COLLECTED MATERIAL:
::::::::

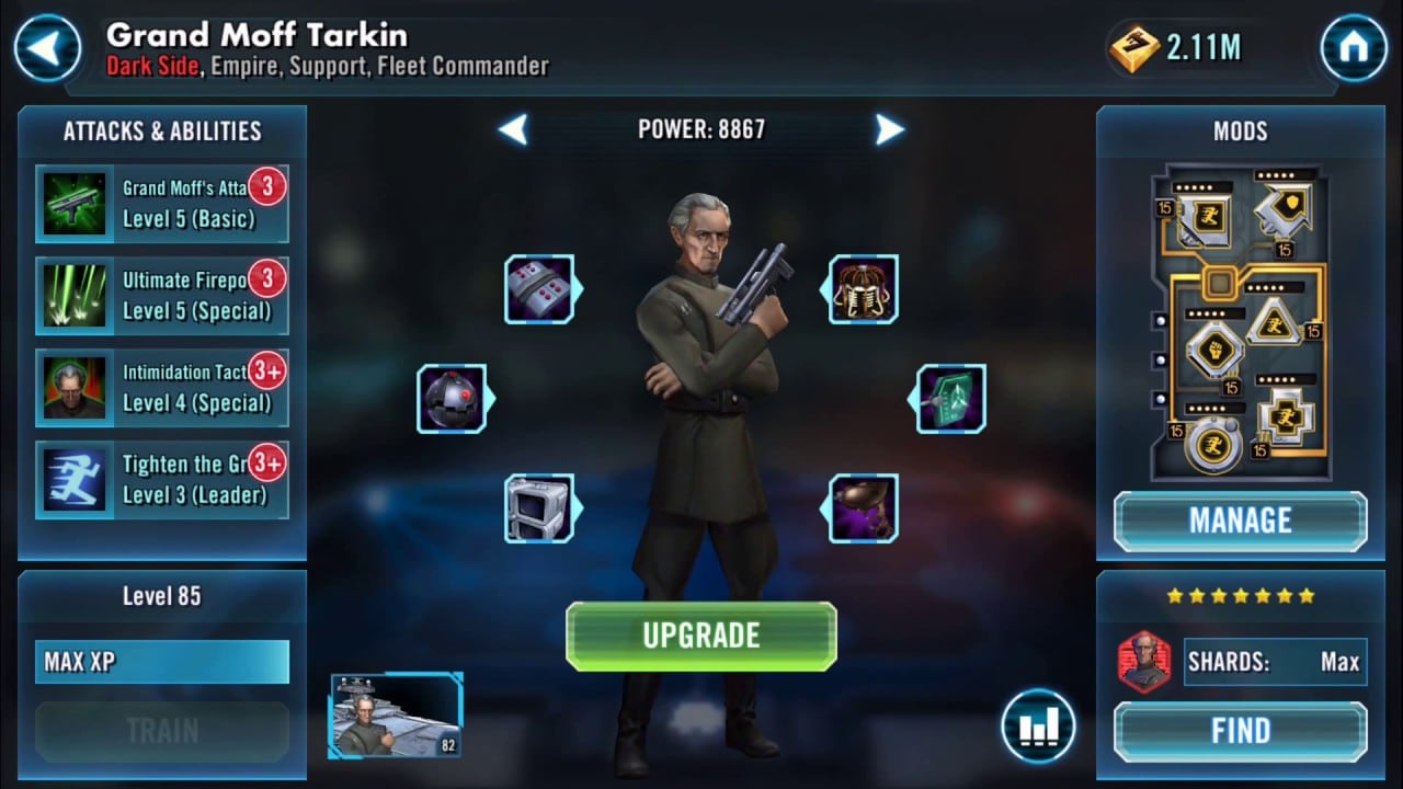 To get the best out of Scorch, you want to pair him with a well-structured Dark Side Clone Trooper team. For 5v5 battles, pairing him with Lord Vader unleashes his full potential, stacking Bulwark and allowing Entrenched to deliver maximum sustainability. For 3v3 GAC, Grand Moff Tarkin is the ideal leader, triggering extra attacks and making Scorch a near-immovable object on the field.
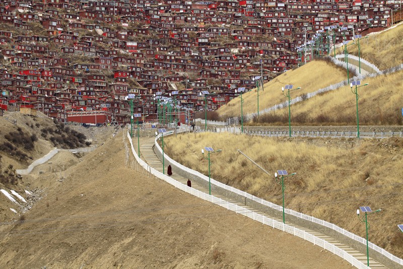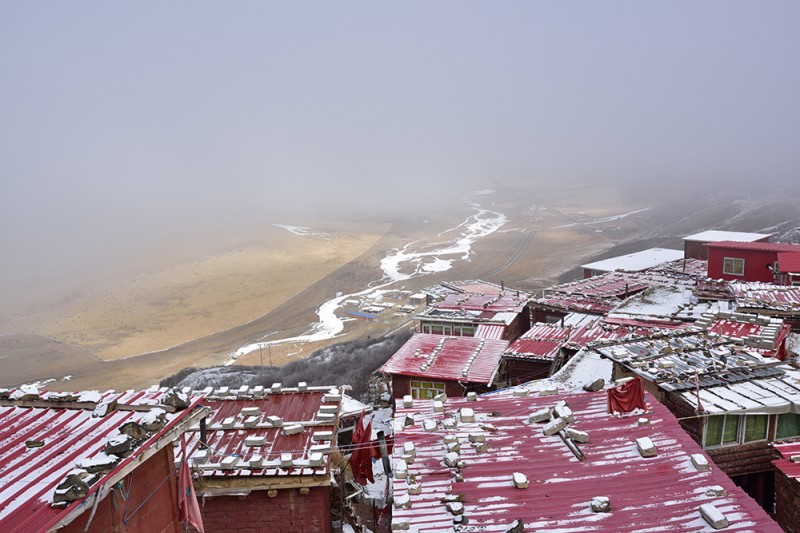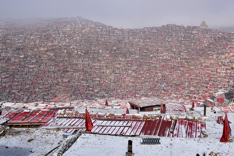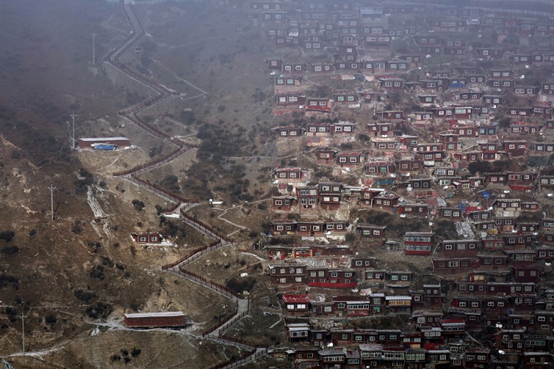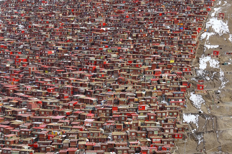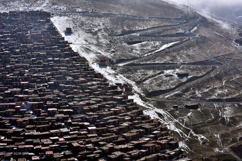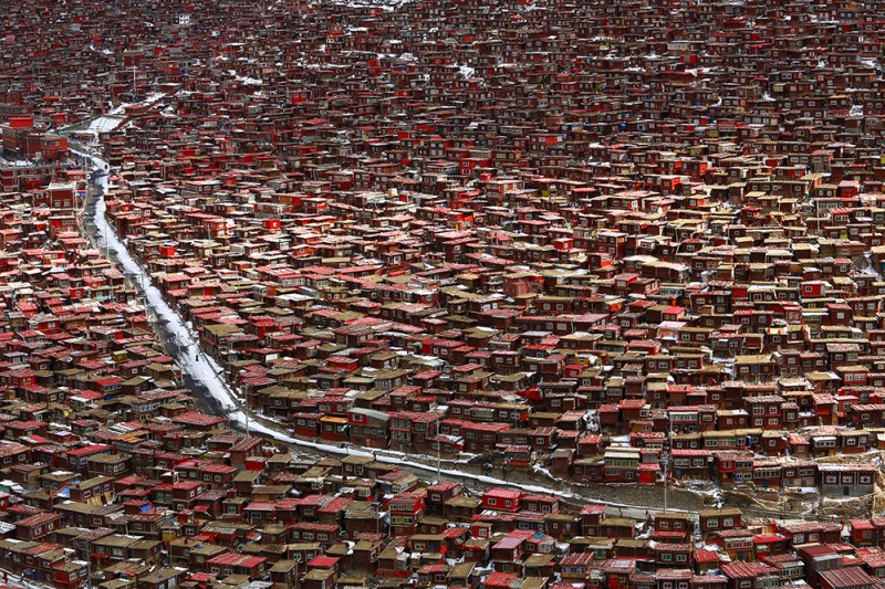 The Holy cultural settlement at She Da, China, for Tibetan Buddhism continue to grow and extend its housing for Tibetan Buddhists who wishes to devote themselves to the religious study. The captured image reflecting an ongoing construction, a dense yet congested red and rhythmic pattern of the Buddhism sanctuary.
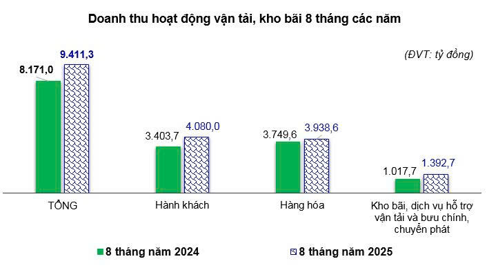 - Doanh thu hoạt động vận tải, kho bãi: Trong tháng ước đạt 1.246,9 tỷ đồng, tăng 2,97% so với tháng trước và tăng 16,3% so với cùng kỳ năm trước. Lũy kế 8 tháng năm 2025 ước đạt 9.411,3 tỷ đồng, tăng 15,18% so với cùng kỳ năm trước. Trong đó: doanh thu vận tải hành khách ước đạt 4.080 tỷ đồng, tăng 19,87% so với cùng kỳ năm trước; doanh thu vận tải hàng hóa ước đạt 3.938,6 tỷ đồng, tăng 5,04%; doanh thu kho bãi, dịch vụ hỗ trợ vận tải ước đạt 1.350,8 tỷ đồng, tăng 37,74%; doanh thu bưu chính, chuyển phát ước đạt 41,8 tỷ đồng, tăng 13,09%.
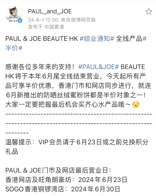 6月1日,PAUL&JOE官方微博發(fā)布聲明稱PAUL&JOE BEAUTE香港線下門店及香港官網(wǎng)將于6月末結(jié)束營業(yè)。

::::::::

TASK OBJECTIVE:
The task requires restating verbatim the lines from the one that holds "- Doanh thu" through the end of the listing, both ends counted, and no pictures.

ANSWER SPACE:
 - Doanh thu hoạt động vận tải, kho bãi: Trong tháng ước đạt 1.246,9 tỷ đồng, tăng 2,97% so với tháng trước và tăng 16,3% so với cùng kỳ năm trước. Lũy kế 8 tháng năm 2025 ước đạt 9.411,3 tỷ đồng, tăng 15,18% so với cùng kỳ năm trước. Trong đó: doanh thu vận tải hành khách ước đạt 4.080 tỷ đồng, tăng 19,87% so với cùng kỳ năm trước; doanh thu vận tải hàng hóa ước đạt 3.938,6 tỷ đồng, tăng 5,04%; doanh thu kho bãi, dịch vụ hỗ trợ vận tải ước đạt 1.350,8 tỷ đồng, tăng 37,74%; doanh thu bưu chính, chuyển phát ước đạt 41,8 tỷ đồng, tăng 13,09%.
 6月1日,PAUL&JOE官方微博發(fā)布聲明稱PAUL&JOE BEAUTE香港線下門店及香港官網(wǎng)將于6月末結(jié)束營業(yè)。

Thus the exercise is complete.